Il revient à l'institution d'aller au devant des interrogations de l'élève. Cela implique que l'enseignant se laisse dépouiller d'une partie de ses prérogatives. En primaire il existe des maitresses de Razed mais il n'y a rien  de comparable pour les collèges et lycées alors qu'on assiste à des régressions, des décompétences à l'âge de l'adolescence comme des écritures illisibles, des pertes de cahiers, des pages arrachées, des prises de notes folkloriques qui ne servent à l'élève qu'à se trouver un semblant d'occupation en cours. Les cahiers des cm1, cm2 sont mieux tenus que ceux de beaucoup de leurs ainés. L'institution doit réapprendre aux élèves à faire attention à leurs affaires, à tailler un crayon, ranger sa trousse et son cartable. Elle part du principe que cela doit être acquis alors elle ne s'en occupe pas ce qui nous coute globalement très cher. L'enseignement se fait sur des leurres, des dénis de réalité du niveau réel des élèves qui passent de classes en classes parce qu'on ne sait plus quoi en faire. Si les profs ne savent pas quoi en faire, ce n'est pas un patron qui va prendre le relais. L'Education Nationale se débarrasse des élèves sur vers le marché du travail. Les exclus de l'éducation nationale sont les futurs exclus sur le marché du travail. Cette réalité se constate en regardant trois copies d'élèves de première et deux d'élèves de collèges en difficulté scolaire.  Elle saute aux yeux. 

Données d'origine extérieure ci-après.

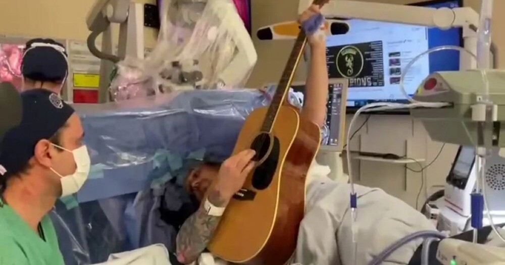 44-летний Пол Уэлш-Далтон страдал от афазии и головных болей. После приступа его госпитализировали. Мужчине диагностировали олигодендроглиому — редкий вид злокачественной опухоли головного мозга. Во время пятичасовой операции хирурги удалили 98% 4-сантиметрового новообразования. Всё это время отец пятерых детей играл на гитаре, чтобы врачи были уверены в сохранности жизненно важных участков.

La cohérence de nos sociétés repose sur la dette de ceux qui réussissent envers ceux qui échouent or l'absence de travail en relation des enseignants, l'éducation nationale étant une chasse gardée d'autant plus protégée qu'elle s'adresse à 13 millions de personnes, est une cause de blocage.

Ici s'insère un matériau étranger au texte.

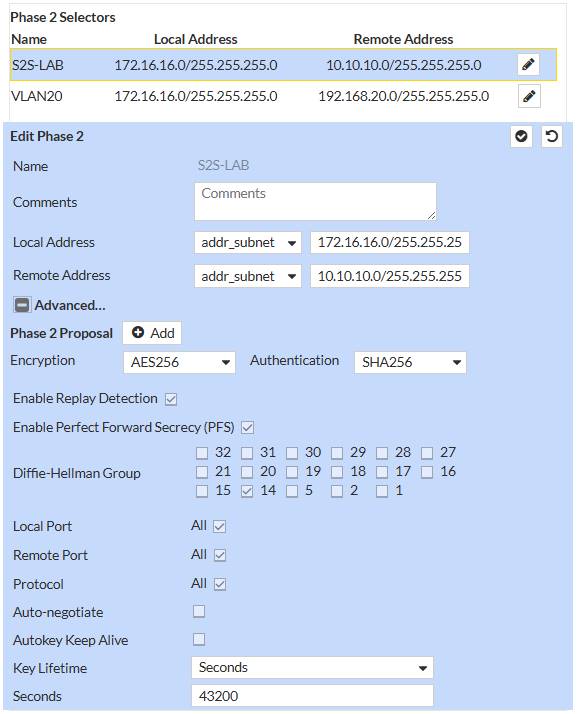 - Mỗi cặp Local/Remote subnet cần 1 selector (Phase 2). Không gộp nhiều subnet nếu thiết bị không hỗ trợ.
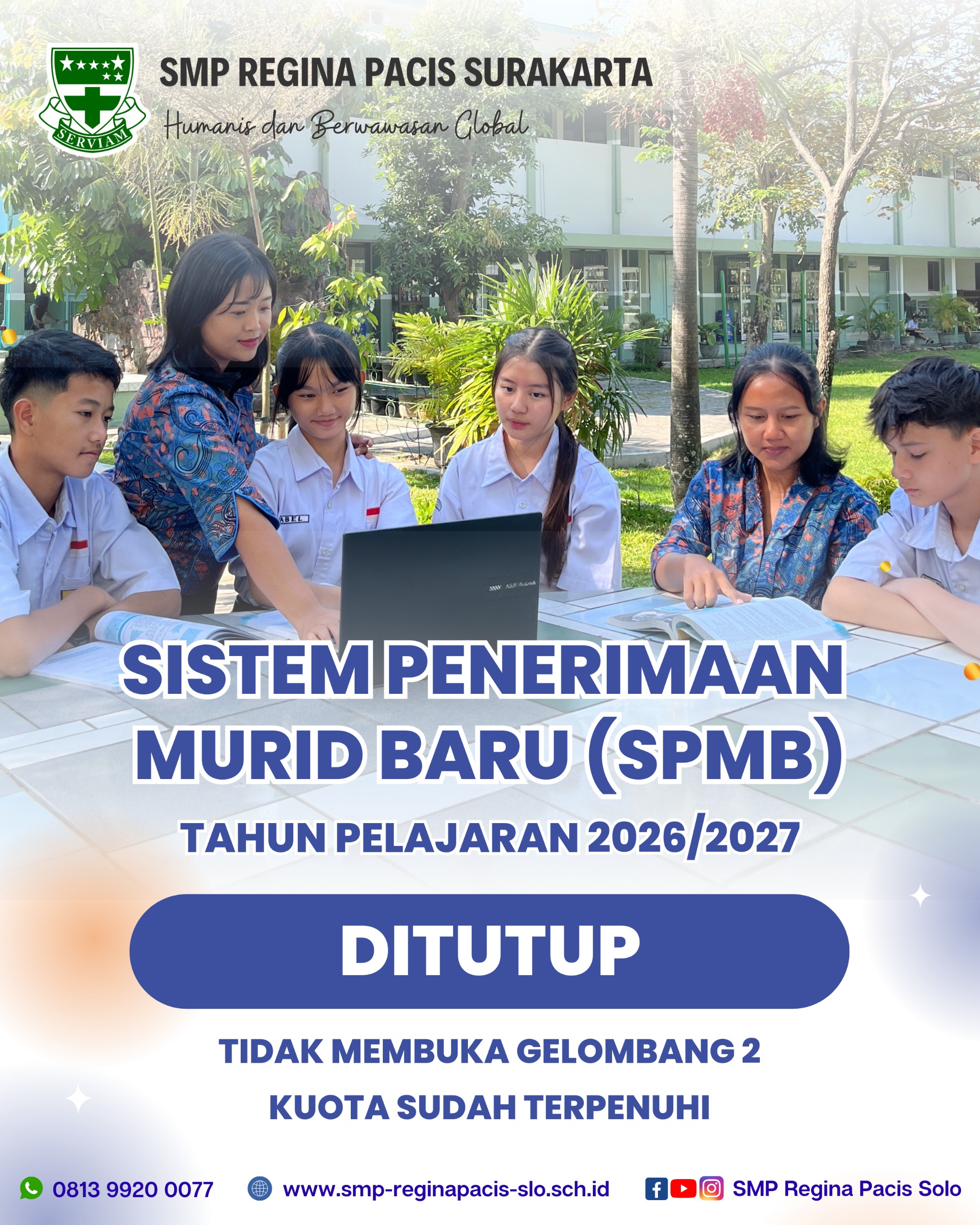 Pengumuman Hasil Seleksi Penerimaan Murid Baru (SPMB) SMP Regina Pacis Surakarta Tahun Pelajaran 2026/2027

Il devra donc connaître les ressources publiques, associatives, ou privées disponibles sur son territoire et savoir orienter les parents, la demande de soutien scolaire étant ainsi le révélateur de tensions au sein de la famille et plus particulièrement lorsque les membres du couple sont issus de cultures, de pays différents ou éloignés des valeurs dominantes demandées à l'école. 

L'Etat a laissé le terrain du soutien scolaire aux organismes privés dans lesquels des apprenants apprennent à d'autres apprenants des classes inférieures.  La compétence est laissée au choix du hasard. Leur savoir est donc simplement académique : un étudiant en maths ne fait pas de sociologie.